In consideration of the services rendered pursuant to Section 2.B. of this
Agreement, the Administrator shall receive a fee of $5.00 per year per account
of each beneficial holder of shares in the Funds, which shall be payable no
later than January 31 of the following year.
7. EXPENSES
The Administrator will bear all expenses in connection with the performance
of its services under this Agreement, except that the Administrator will be
reimbursed by the Funds for the out-of-pocket costs incurred in connection with
this Agreement or by third parties who are performing services as permitted by
paragraph 2. The Funds will bear certain other expenses to be incurred in their
operation, including: taxes, interest, brokerage fees and commissions, if any;
charges of custodians and transfer and dividend disbursing agents; certain
insurance premiums; outside auditing and legal expenses; cost of maintenance of
the Funds' existence; cost attributable to investor services, including without
limitation, telephone and personnel expenses; charges of accounting, internal
auditing, and pricing of portfolio securities for the Funds, including the
charges of an independent pricing service; costs of preparing and printing
prospectuses and statement of additional information for regulatory purposes and
for distribution to existing shareholders; costs of shareholders' reports and
meeting of the shareholders of the Funds and of the officers or the Board of
Trustees of the Trust; and any extraordinary expenses.
8. STANDARD OF CARE
The Administrator shall exercise its best judgment in rendering the
services under this Agreement.
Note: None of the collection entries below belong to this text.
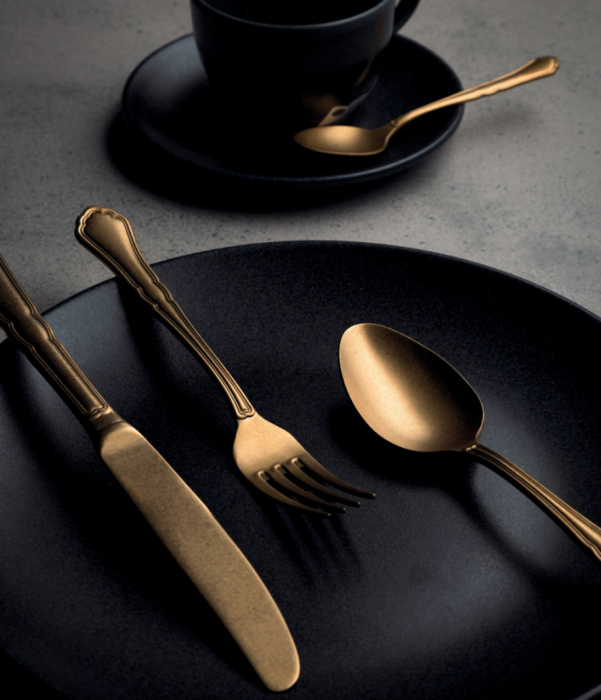 La cubertería Florencia Vintage Gold, transforma cualquier comida enamorando tanto a los clientes de hostelería como a los amantes del diseño vintage.
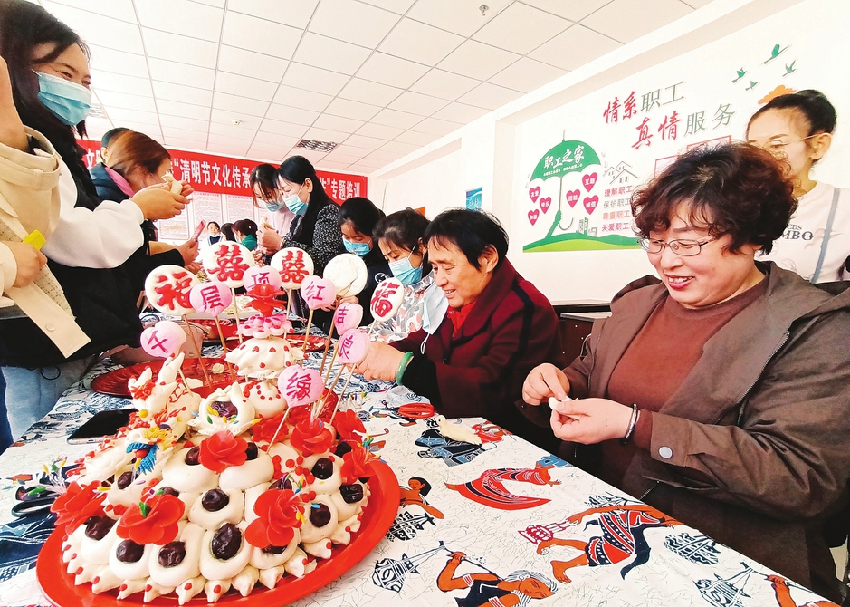 三月二十七日,石樓縣新時代文明實踐中心開展“清明節(jié)文化傳承教育和傳統(tǒng)美食制作”專題培訓(xùn),邀請“面花”手藝人現(xiàn)場教授捏面燕,倡導(dǎo)移風(fēng)易俗、文明祭祀。(李晶晶攝)
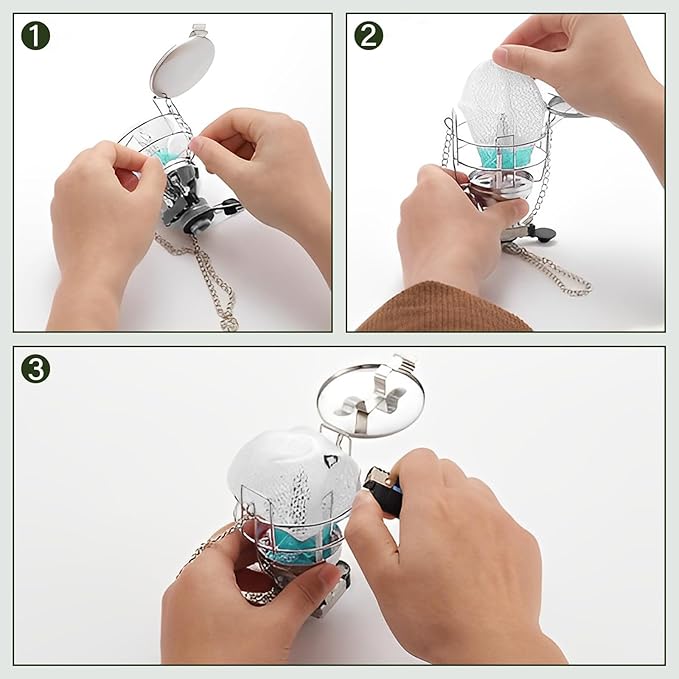 - 【What Should Be Noticed】Be careful to fix the metal clips on the upper and lower wicks, do not use too much force, so as not to be torn off. The lantern mantles that turn white after burning are easy to shatter. When replacing a new lantern mantle, be careful not to invade the used lantern mantle into lantern and damage your lantern.
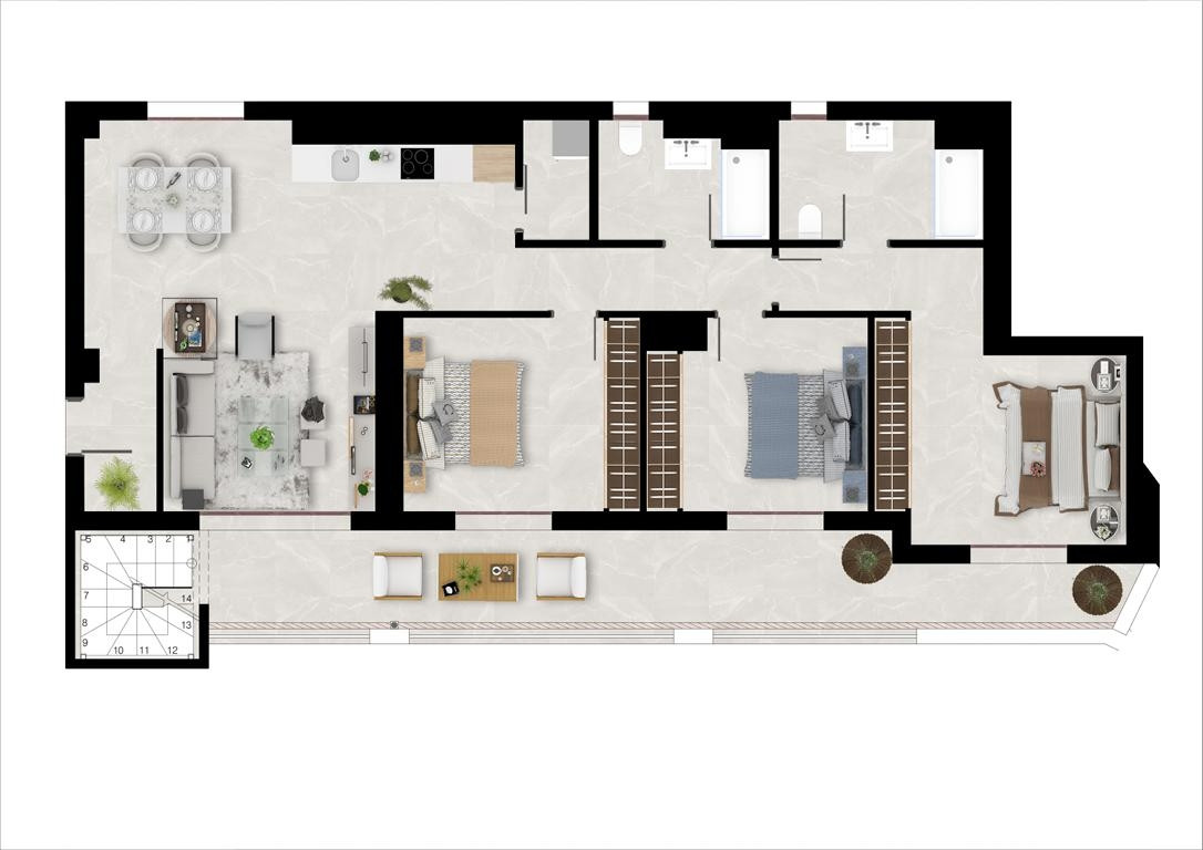Die Balkone / Terrassen haben eine Größe von rund 9 m² bis 100 m².
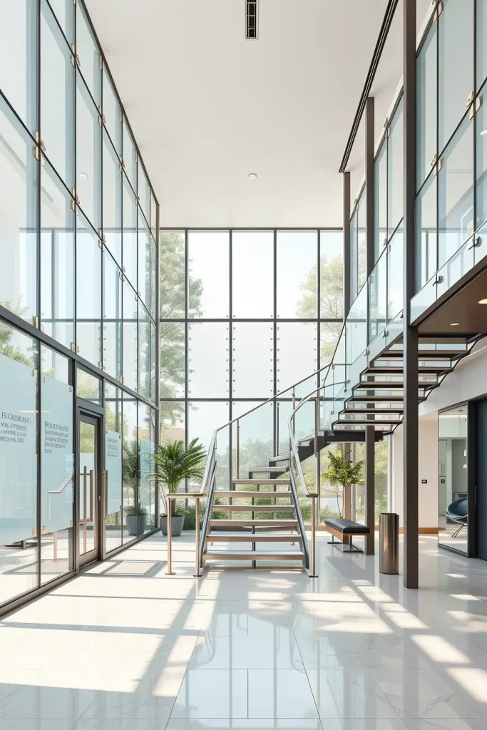I use low-iron glass frequently to prevent green tinting and I add windows with frosted or textured surfaces when I want privacy. With larger lobbies, glass allows each part to remain clear from the other without losing its sense of distinction—great for guiding guests in open design spaces.
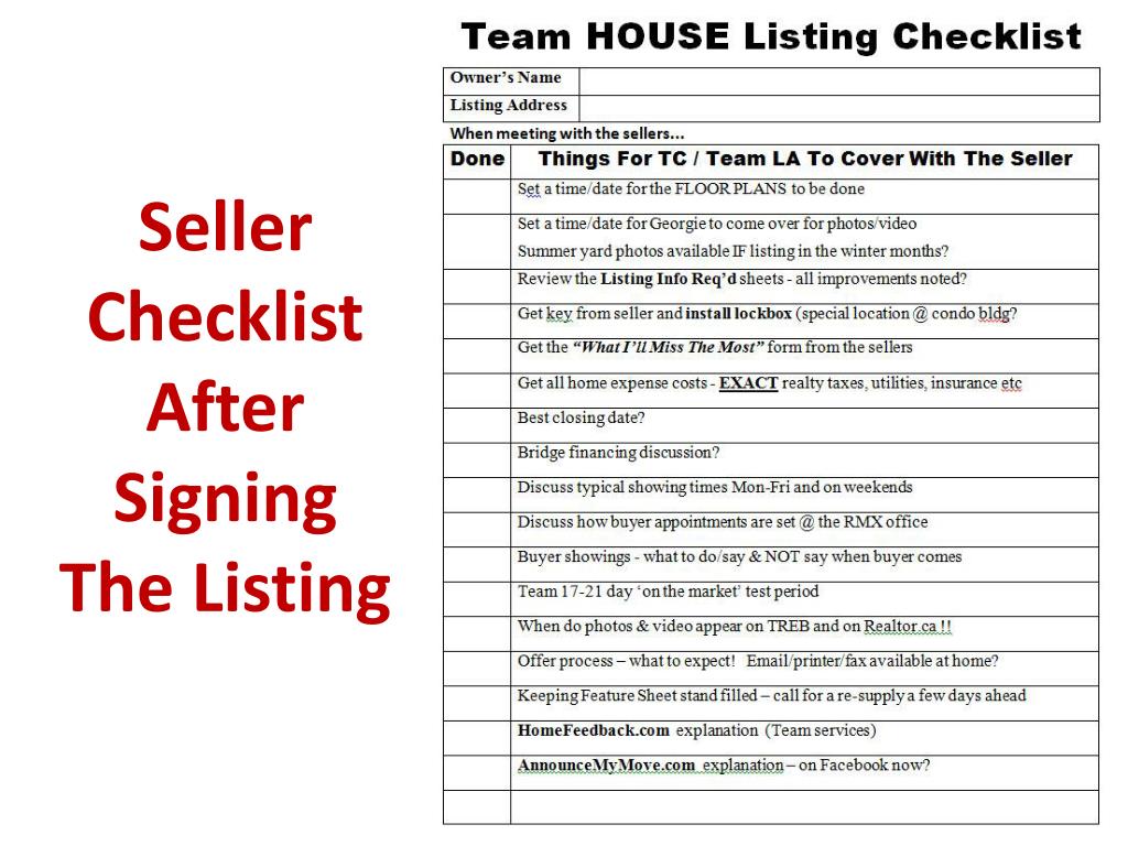 Communicate With The Seller • Use a Listing Checklist at your meeting to ensure the seller is knowledgeable about what to expect once their home goes on the market • Showing feedback www.HomeFeedback.com • Weekly or bi-weekly seller update calls • Email and blog market updates • Make sure seller knows your goal is to get them the highest price AND that you’re different from all the other agent !!
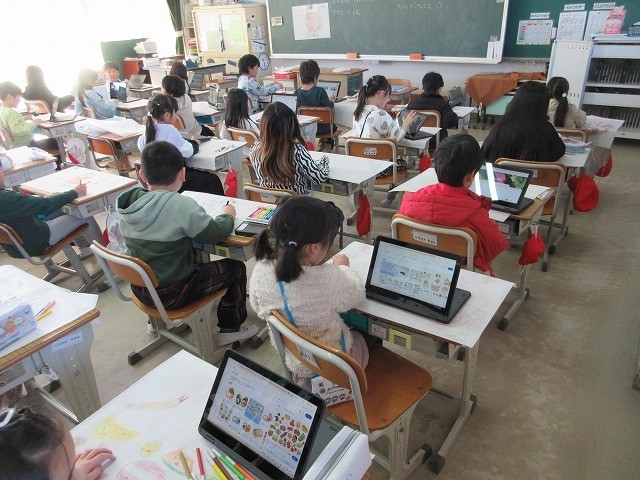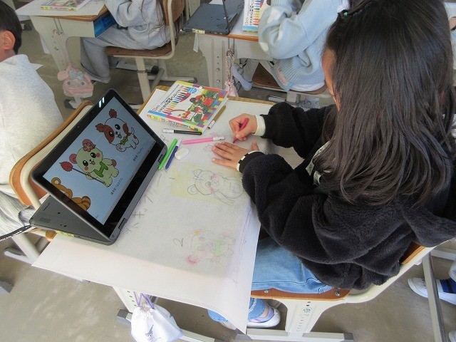 子どもたちは、学習用タブレットで魚や花、食べ物などを検索して、参考にしていました。
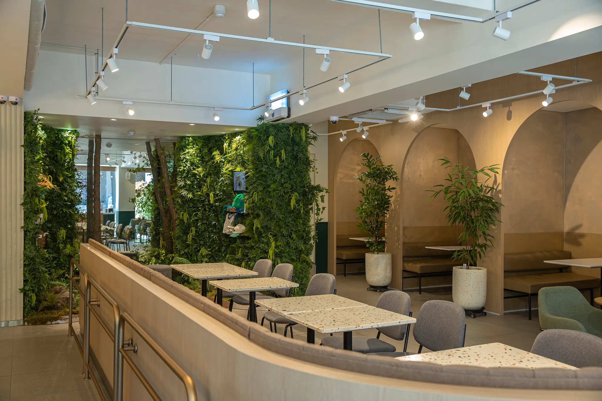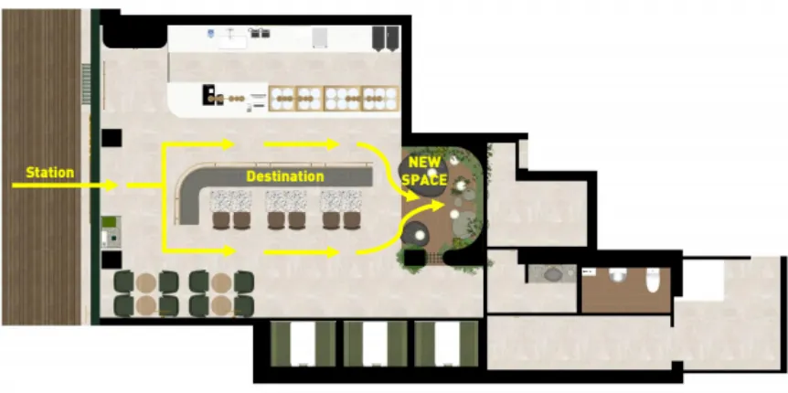 목적지는 우리가 원하는 목표와도 같은 공간입니다. 나뚜루 시그니처 매장을 ‘DESTINATION’으로, 나뚜루 고객들의 원래 목적인 구매가 이루어지는 곳임을 직관적으로 나타냅니다. 폐유리를 활용한 테라조 화분을 곳곳에 배치하여 <Greens Come True> 슬로건과 함께 친환경 경영을 선언한 나뚜루의 브랜드 정체성을 부각시킵니다.
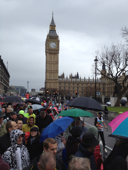We followed the crowds, trying to escape, and ended up walking past Big Ben (you can see the last finishers of the marathon on the right).
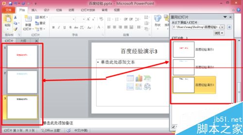 6、同樣的方法,點(diǎn)擊“重用幻燈片”,打開“百度經(jīng)驗(yàn)2”,選擇“保留原格式”,雙擊即可出現(xiàn)

The Administrator shall not be liable for any
error or judgment or mistake of law or for any loss suffered by the Funds or the
Funds' shareholders in connection with the matter to which this Agreement
relates, provided that nothing herein shall be deemed to protect or purport to
protect the Administrator against liability to the Funds or to its shareholders
to which the Administrator would otherwise be subject by reason of willful
misfeasance, bad faith or gross negligence on its part in the performance of its
duties or by reason of the Administrator's reckless disregard of its obligations
and duties under this Agreement. As used in this Section 8, the term
"Administrator" shall include any officers, directors, employees, or other
affiliates of the Administrator performing services with respect to the Funds.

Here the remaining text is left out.